━━ DATA PROVIDED

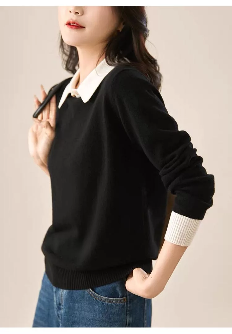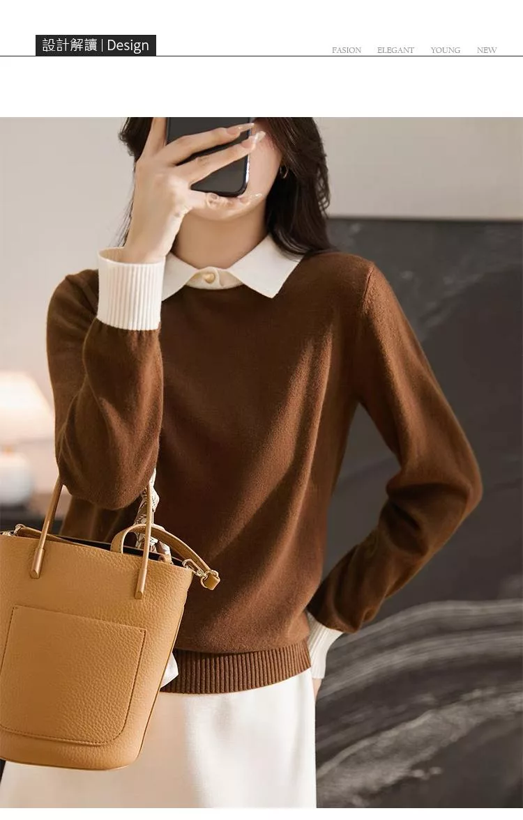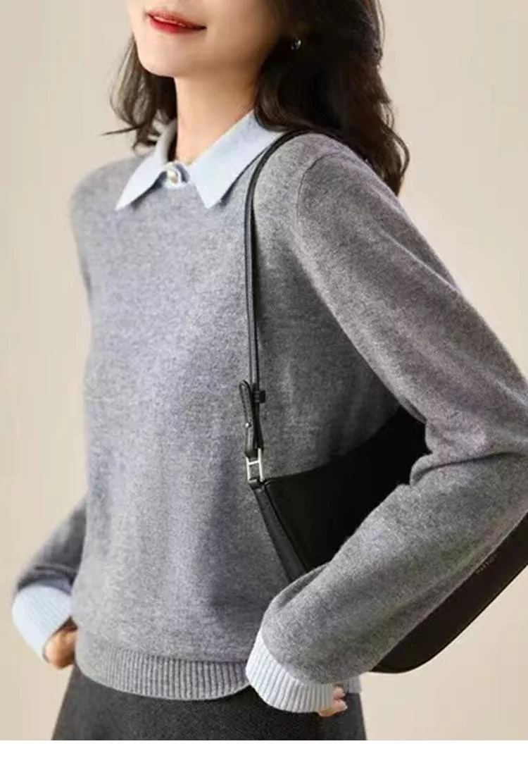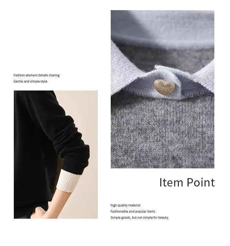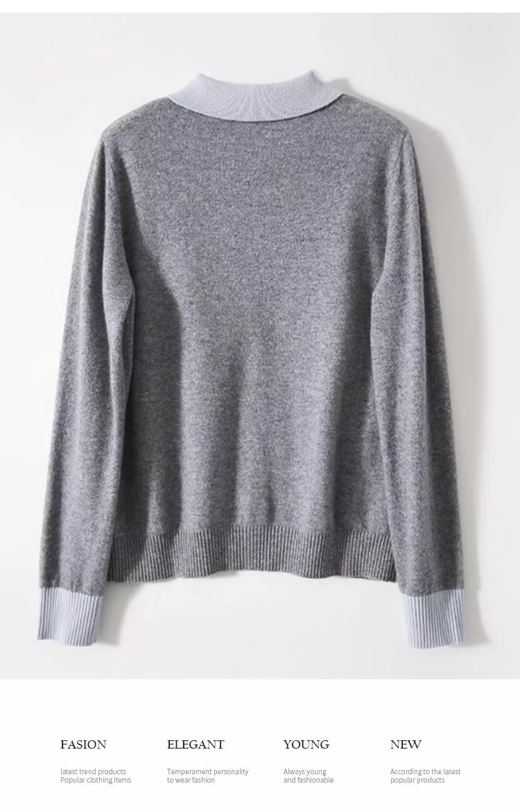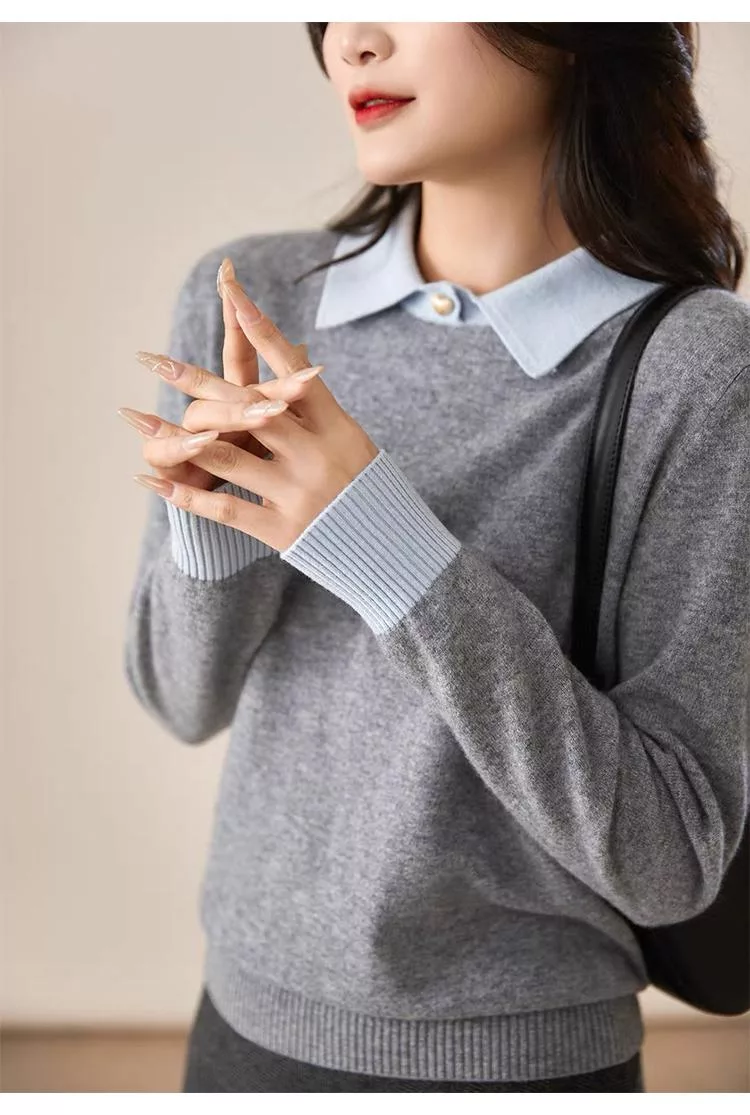 【初色】學院風撞色翻領羊毛針織長袖套衫上衣女上衣-共3色-37550(F可選) F 灰色
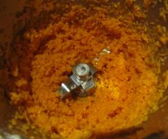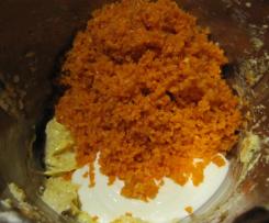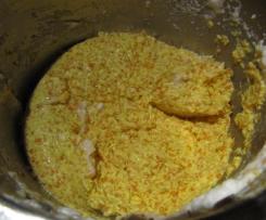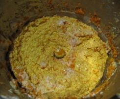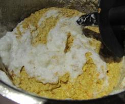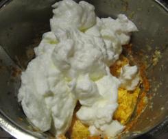 "Mixtopf geschlossen" auf St. 3 rühren lassen und die Eigelbe mit Salz und Zitronenschale nach und nach durch die Deckelöffnung zugeben. - Joghurt und die zerkleinerten Möhren hinzufügen ....
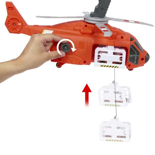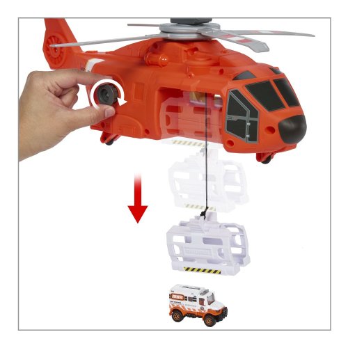 Leťte so záchranným vrtuľníkom Matchbox™ na pomoc! Táto cca 40 cm veľká helikoptéra má vrtuľu ovládanú deťmi, funkčný navijak a je možné ju premeniť na riadiacu jednotku umožňujúcu plniť záchrannú misiu. Stlačením páčky na rukoväti aktivujete vrtuľu a "vletíte" na miesto zásahu. Zo vzduchu spustíte navijak a zdvihnete autíčko v mierke 1:64, ktoré prenesiete na palubu a zachránite tak situáciu. Súčasťou je kovová sanitka v mierke 1:64.
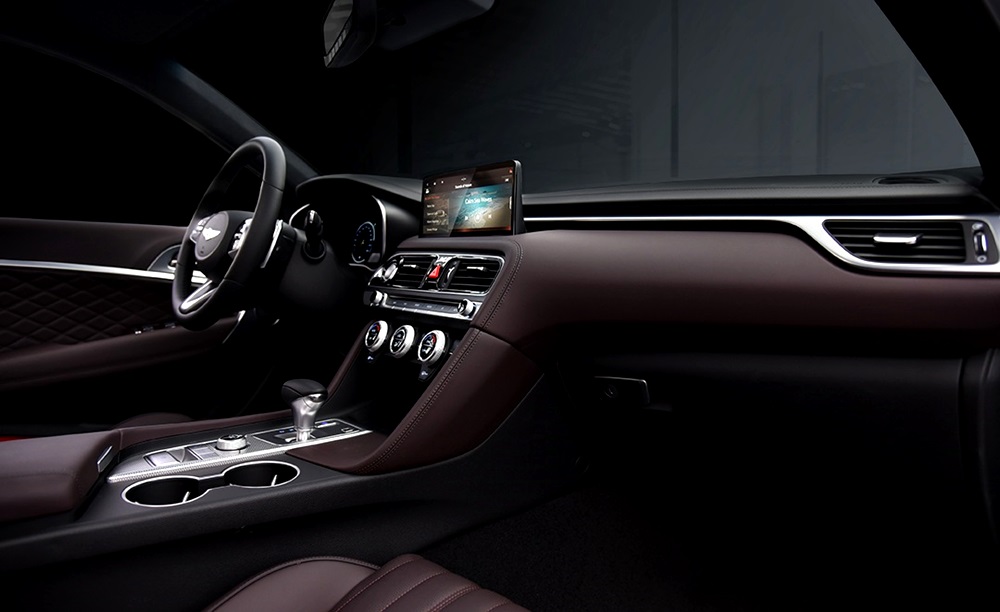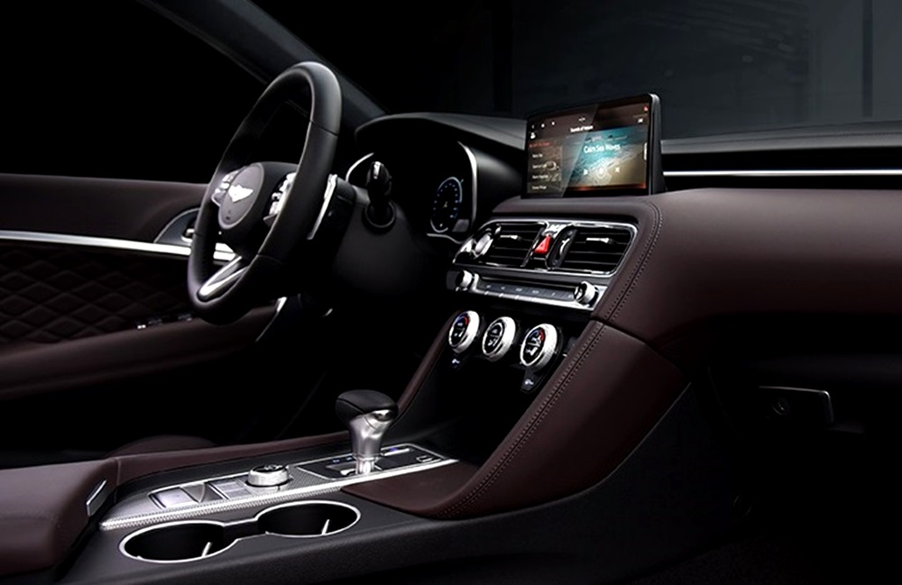 제네시스 G70 페이스리프트 모델의 실내 인테리어는 마치 전투기 조종석을 닮은 운전자 중심 구조를 사용한 느낌을 주고 있습니다.
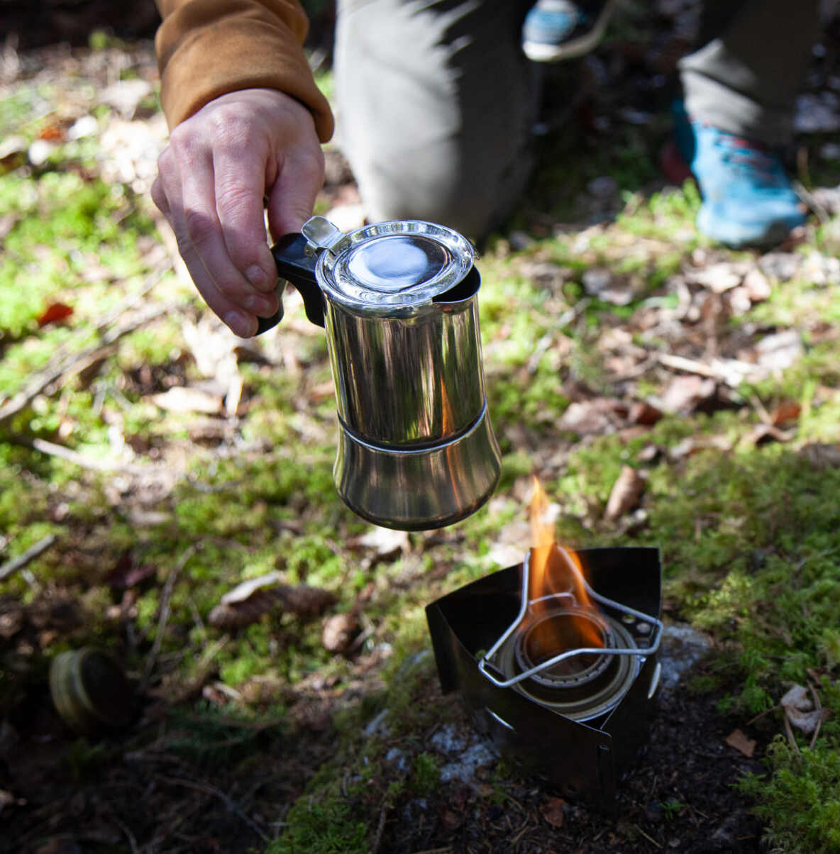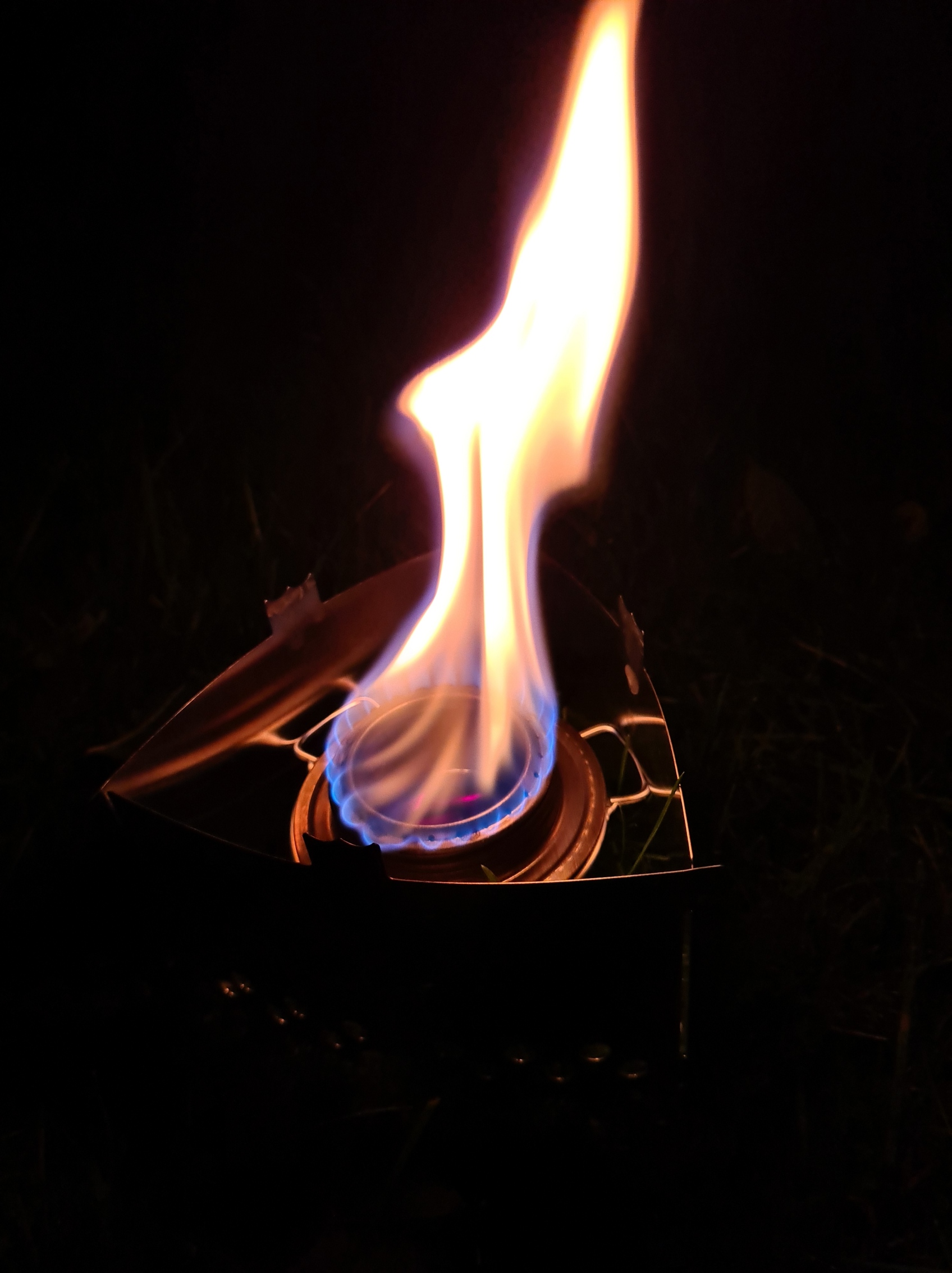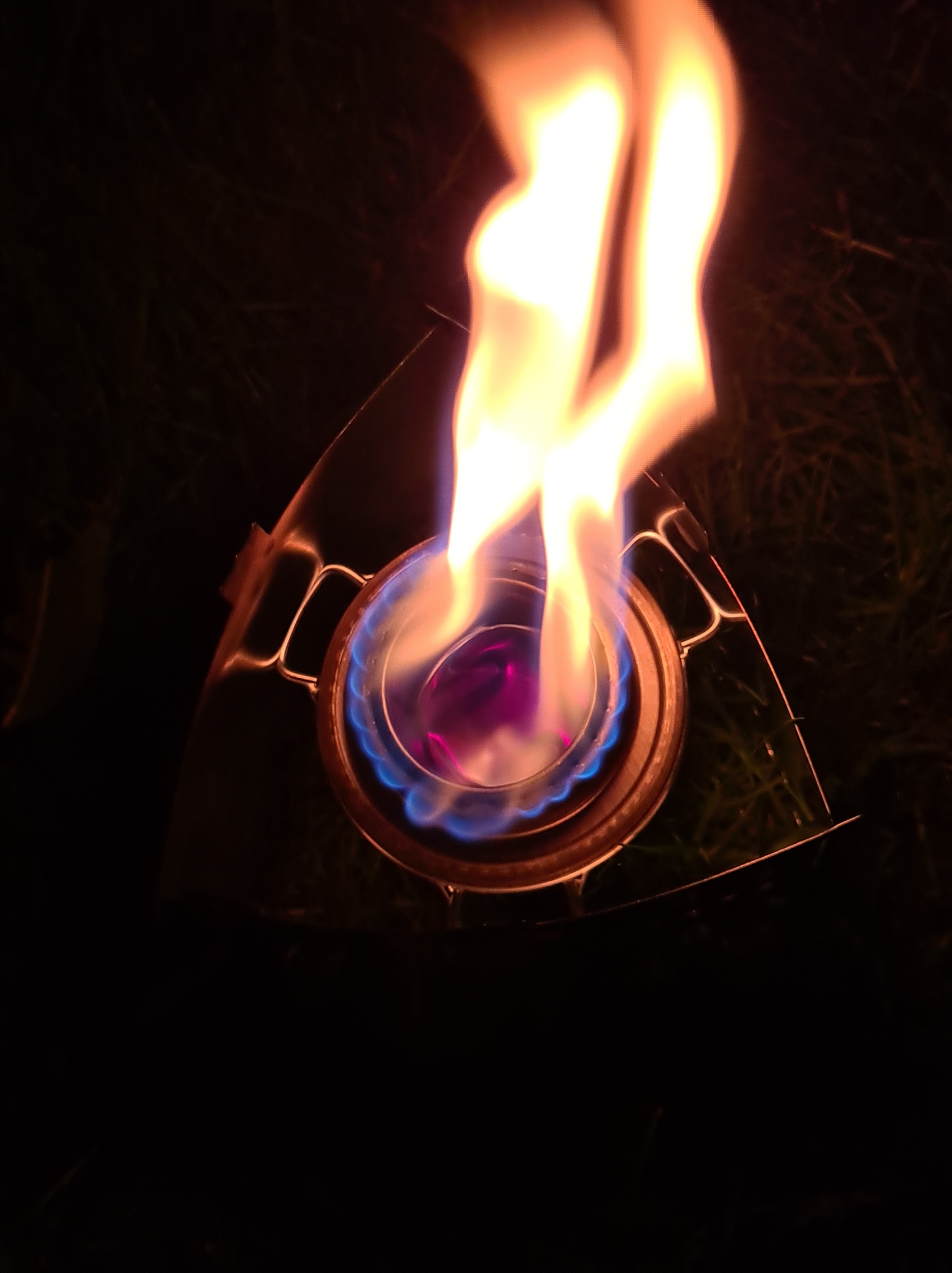 I use a Trangia gel burner lined with ‘fire rope’ purchased from Canadian Tire. This easy and inexpensive DIY modification is shown on several YouTube videos, and is used by many British bushcrafters in the cooker unit for the Crusader cup.
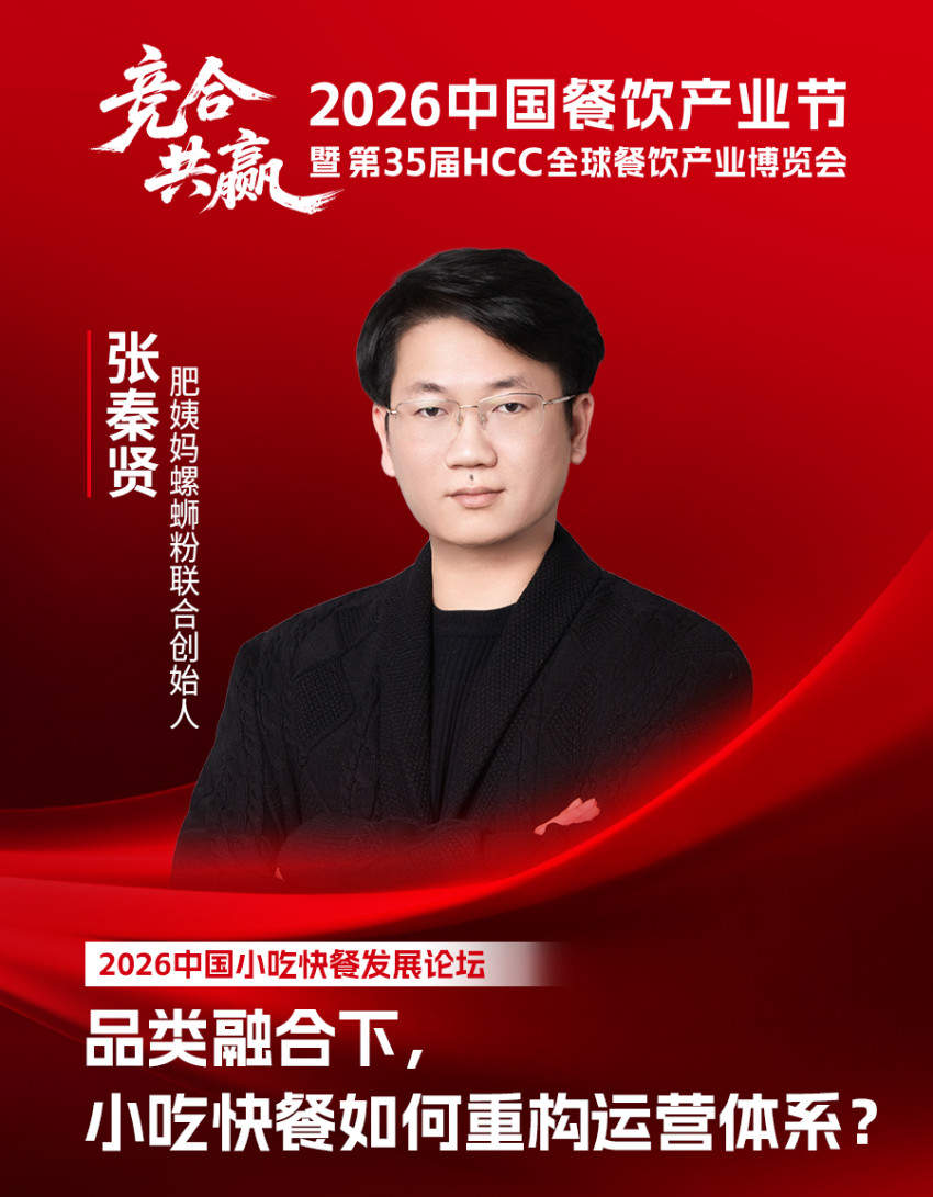 目前,肥姨妈螺蛳粉联合创始人张秦贤确认出席2026中国小吃快餐发展论坛,届时将在圆桌对话环节,就“品类融合下,小吃快餐如何重构运营体系?”议题,与餐饮品牌创始人及产业上下游领军人物,共研行业发展新路径,为餐饮产业高质量发展凝聚新动能。
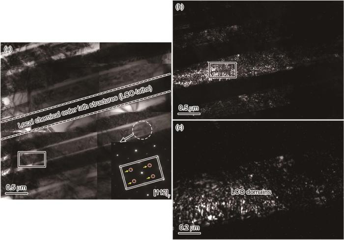 拉伸变形前CRR10%材料内部局部化学有序(LCO)板条的TEM像及SAED花样
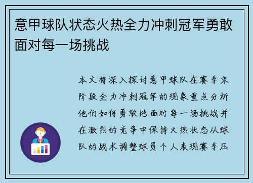 意甲球队状态火热全力冲刺冠军勇敢面对每一场挑战
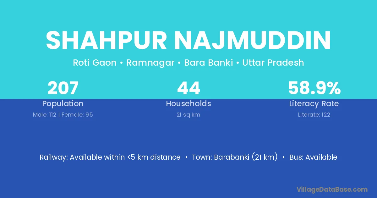 Barabanki (21 km) is the nearest town to Shahpur Najmuddin village for major economic activities and is located approximately 21 km away.
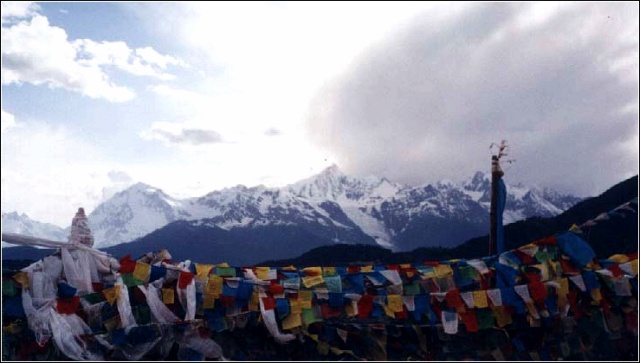 去梅里也是在这次旅行中的突发奇想。由于非典,云南各地的旅游接待都陷于停滞。正是在这种状态下,经过数道检查关口,翻越了白芒雪山垭口,我坚持义无反顾的前往梅里。此前对梅里的了解仅仅限于《旅行家》杂志一篇叫做《忘情滇西北》的文章,文章中流露出对梅里雪山的无限敬仰深深勾起了我一探究竟的欲望。随后的一天,伴随着一路颠簸和高原炽烈的阳光,傍晚时分,当雄壮的梅里雪山太子十三峰在夕阳映衬下如同十三座身披金甲的勇士,在我已疲倦不堪,最不经意间呈现在我面前时,我已不能用任何语言来表达我内心的激动,跪倒在它面前时早已泣不成声、、、、、、

━━━━

### TASK STATEMENT
Pictures stay out. Print the lines of the records above exactly, from the first through the one with "Möhren hinzufügen ....".

### EXERCISE ANSWER
 【初色】學院風撞色翻領羊毛針織長袖套衫上衣女上衣-共3色-37550(F可選) F 灰色
 "Mixtopf geschlossen" auf St. 3 rühren lassen und die Eigelbe mit Salz und Zitronenschale nach und nach durch die Deckelöffnung zugeben. - Joghurt und die zerkleinerten Möhren hinzufügen ....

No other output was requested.